On the other hand, the support side of parent-youngster relations becomes easier and easier. Technology makes fulfilling the physical needs of youngsters easier for parents, and so the two effects of this, first, more and more products are provided with variety and quantity now expanding, and second, less effort is required to do this support, implying to the typical alien that those mental traits which formerly were so needed for providing support to oneself and one’s offspring, were not so much needed and could be diminished in attention. In other words, youngsters were having the option of spending more time on consumption-related interests, and parents were seeing less need for production-related interests, both for themselves and for their young. This would tend to add more impetus to the lack of need for preserving the training components that were useful in earlier times, especially times when evolution was striking down those without these traits. This means, the chasm is wider and deeper than it would be without the two-sided effects creating it.

The antidote to having an alien civilization collapse into the affluence chasm is the early realization of the need for long-term thinking, both in its conception and development, but also in its use in guiding some of the decisions of the civilization. Very specifically, long-term thinking is needed for the civilization to recognize what the consequences of affluence might be, and how it affects the alien society. Instead of continuing the drive to develop technology to provide more and more support goods, there would have to be a parallel drive to develop technology in training, in more detail, neurology, but also in sociology, meaning how society needs to organize itself and what individuals would need to be trained in so that they could act to preserve the civilization.

Long-term thinking is needed to appreciate that the civilization has value, in and of itself, and preserving it over the long term, meaning over multiple generations, should take precedence over amassing more variety and quality in the consumption goods that their initial short-term thinking would lead them to support. This is not a simple declaration, where the civilization suddenly says that it will perform long-term goal setting and then do whatever is necessary to achieve them, but instead it is a dedication to that parallel branch of technology, so that it does not lag too far behind the material branch that produces the affluence.
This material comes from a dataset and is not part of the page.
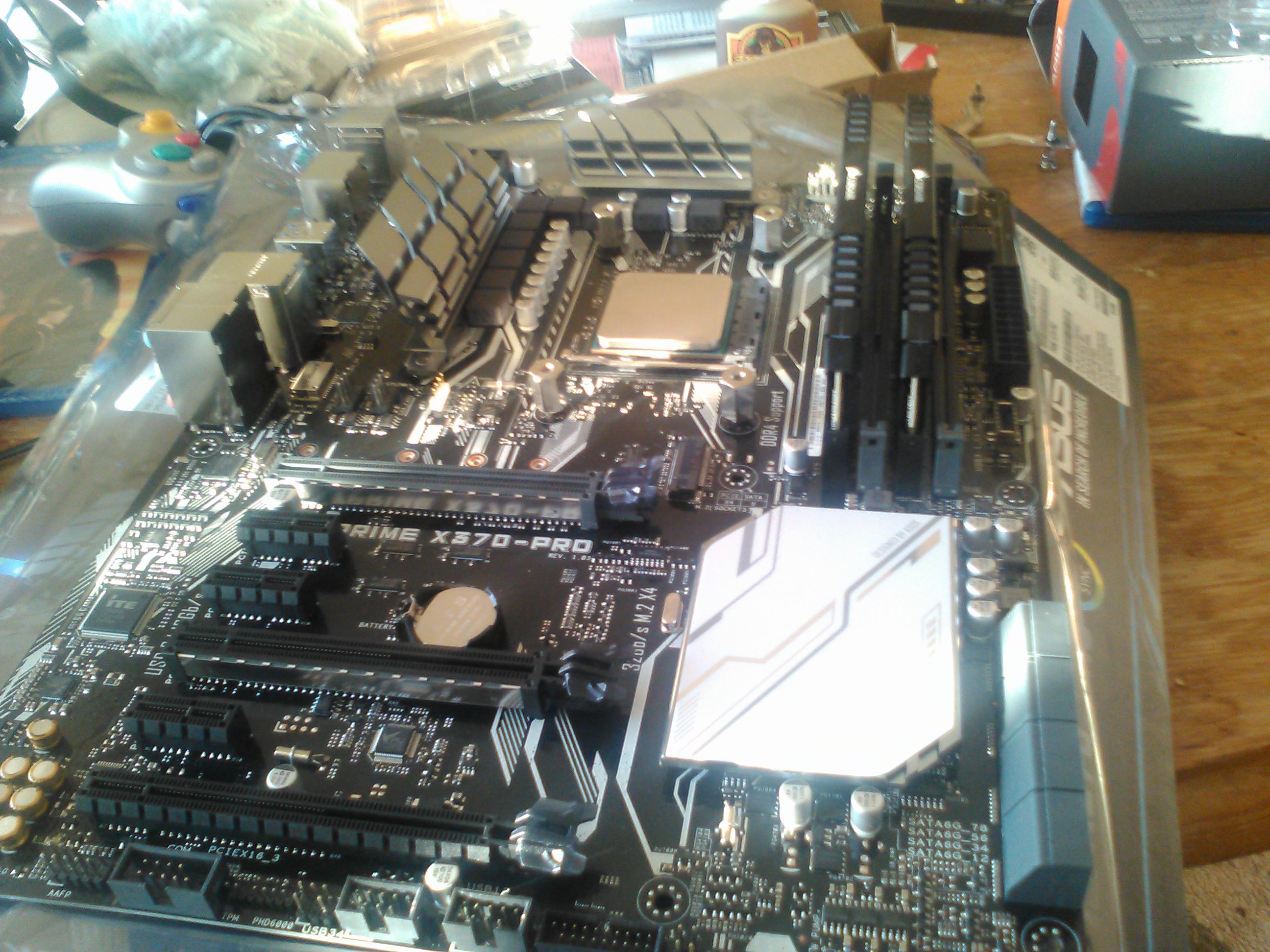 with great wrenching effort I’m able to replace two of the three of them on the mobo itself because they come with fasteners to do this; I don’t have anywhere to put the third one so I just poke a hole in the I/O backplate and glue it on where it sort of fits.

Developing this parallel branch of technology will require a major commitment by the civilization, meaning the governance and the population together, to forgo the maximum amount of material support in favor of having more intangible support, which will help the society to navigate its way around the chasm of affluence. It could very well be that the other feedback effect that occurs in neurology, where the brain adapts to its environment, will prevent this change. This feedback effect will mean that as affluence turns producers into consumers, and young members of the society into dedicated consumers, that there will be more and more specialized thinking about consumption, and less and less about long-term aspects of society and the potential troubles that affluence can create. The competition between thinking about consumption details, which can be manifold and complex, and thinking about society in general, which is also complex and variegated, will dictate if a particular alien civilization will make it to the final stage of technology, asymptotic technology, where the potential for collapse from its own decisions and choices will be almost eliminated. Without the proper early realization of the nature and details of this problem with affluence, the civilization will not be at a high enough living standard for the long time needed to invent and develop space travel.